L’« hyper-liberté » de Dieu et la « demi-lumière »de l'homme

Publié le par Garrigues et Sentiers

 
Si Dieu se révélait à nous totalement dans sa bonté absolue, si nous pouvions le connaître en pleine lumière, alors on ne pourrait que l’aimer. C’est la raison pour laquelle Il a voulu nous créer en se voilant à nous. Nous ne voyons pas Dieu. Nous ne pouvons Le connaître que de manière indistincte. C’est cette part importante d’obscurité qui nécessite la foi.

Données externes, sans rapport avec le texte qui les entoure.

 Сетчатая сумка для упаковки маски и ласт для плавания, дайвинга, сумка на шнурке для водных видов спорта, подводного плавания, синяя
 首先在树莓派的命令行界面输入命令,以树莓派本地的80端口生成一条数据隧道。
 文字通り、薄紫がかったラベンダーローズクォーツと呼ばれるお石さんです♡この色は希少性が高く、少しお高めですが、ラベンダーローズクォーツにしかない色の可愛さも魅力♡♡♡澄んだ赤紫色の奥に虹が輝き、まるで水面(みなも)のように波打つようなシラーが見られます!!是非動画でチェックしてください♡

Toute la grandeur de l’homme c’est de pouvoir aimer Dieu dans la foi sans Le toucher, sans Le voir, sans Le connaître directement. Alors sa liberté est totale.

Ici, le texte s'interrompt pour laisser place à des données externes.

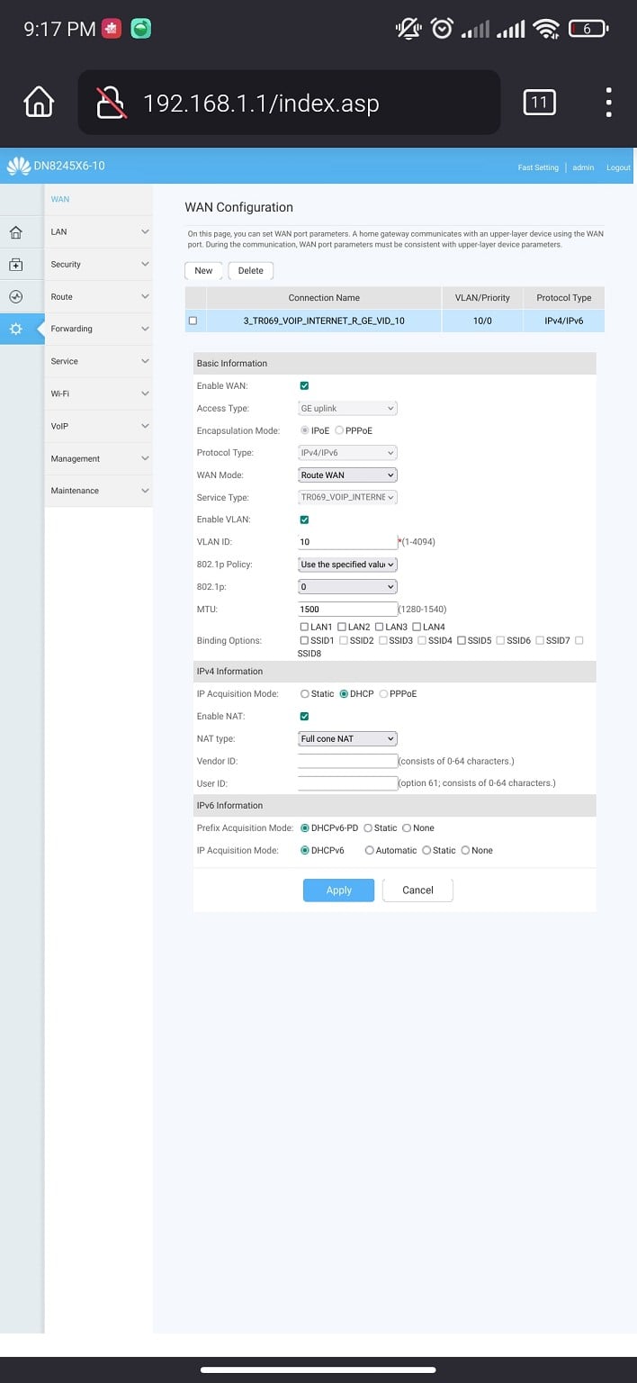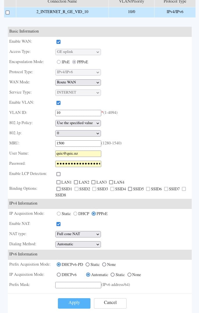 I thought I would be able just use the old settings with IPOE/DHCP in the modem with vlan10 tagging.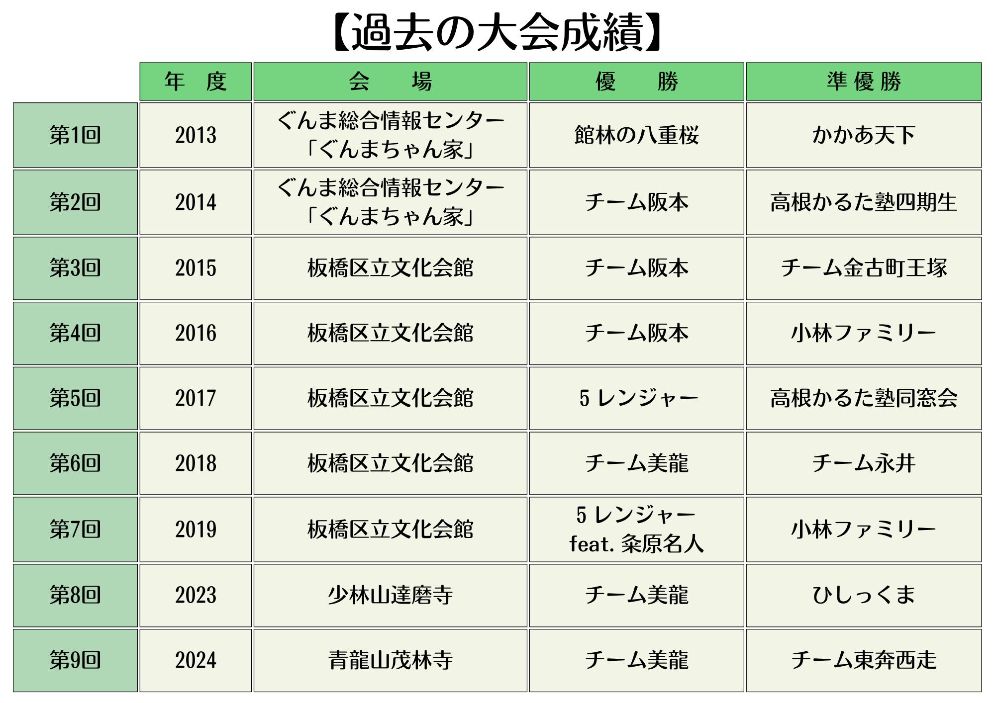 2013年2月23日に初の上毛かるたの全国大会となる『第1回KING OF JMK~おとな達の上毛かるた日本一決定戦~』を、当時銀座の歌舞伎座の前にあったアンテナショップ"ぐんまちゃん家"で開催して12年が経過しました。その後コロナ禍により開催ができなかった期間を除いて毎年の開催を重ね、過去9回で延べ200チームの方々に参戦いただきました。この場を借りて御礼申し上げます。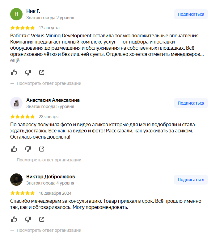 Отзывы о vekus mining ru

Cette réflexion théologique classique sur la liberté humaine m’a conduit à m’interroger, dans le cadre du mystère trinitaire, sur la liberté des personnes divines. Il est impensable que le Verbe, par exemple, puisse être en désaccord avec le Père. Or le Verbe est nécessairement libre, et il est totalement dans la lumière du Père. Quand j’arriverai au ciel, une des premières questions que je poserai à Dieu sera : « Comment faites-vous, les trois personnes divines, pour ne jamais vous disputer ? »
Le mystère de la Trinité montre donc qu’il peut y avoir une liberté – que j’appellerai hyper-liberté –, qui est une vraie liberté mais qui nous met dans l’impossibilité de se disputer, d’avoir des vues divergentes. Or je ne peux me retenir d’interroger : si une telle « hyper-liberté » existe en Dieu, Celui-ci ne l’a pas donnée à l’homme et ne l’a pas créé en pleine lumière… ce qui nous aurait épargné tout ce lot millénaire de souffrances absurdes. Pourquoi seulement cette demi-lumière ?
 
Abbé PIERRE
 
Extrait de Mon Dieu… pourquoi ? entretiens de l’abbé PIERRE avec Frédéric LENOIR, Paris, Plon, Éd. de Noyelles / France-Loisirs, 2005, 111 p., p. 87-89.
 
N.B. : Ces « petites méditations sur la foi chrétienne et le sens de la vie » ont un intérêt infiniment plus grand que les 2 pages – isolées par les médias sur les 105 de l’ouvrage – portant sur la sexualité de l’abbé Pierre, alors que sont passés sous silence ses propos sur Marie, l’Eucharistie ou la Trinité, sujets autrement fondamentaux pour l’abbé lui-même et pour la foi catholique.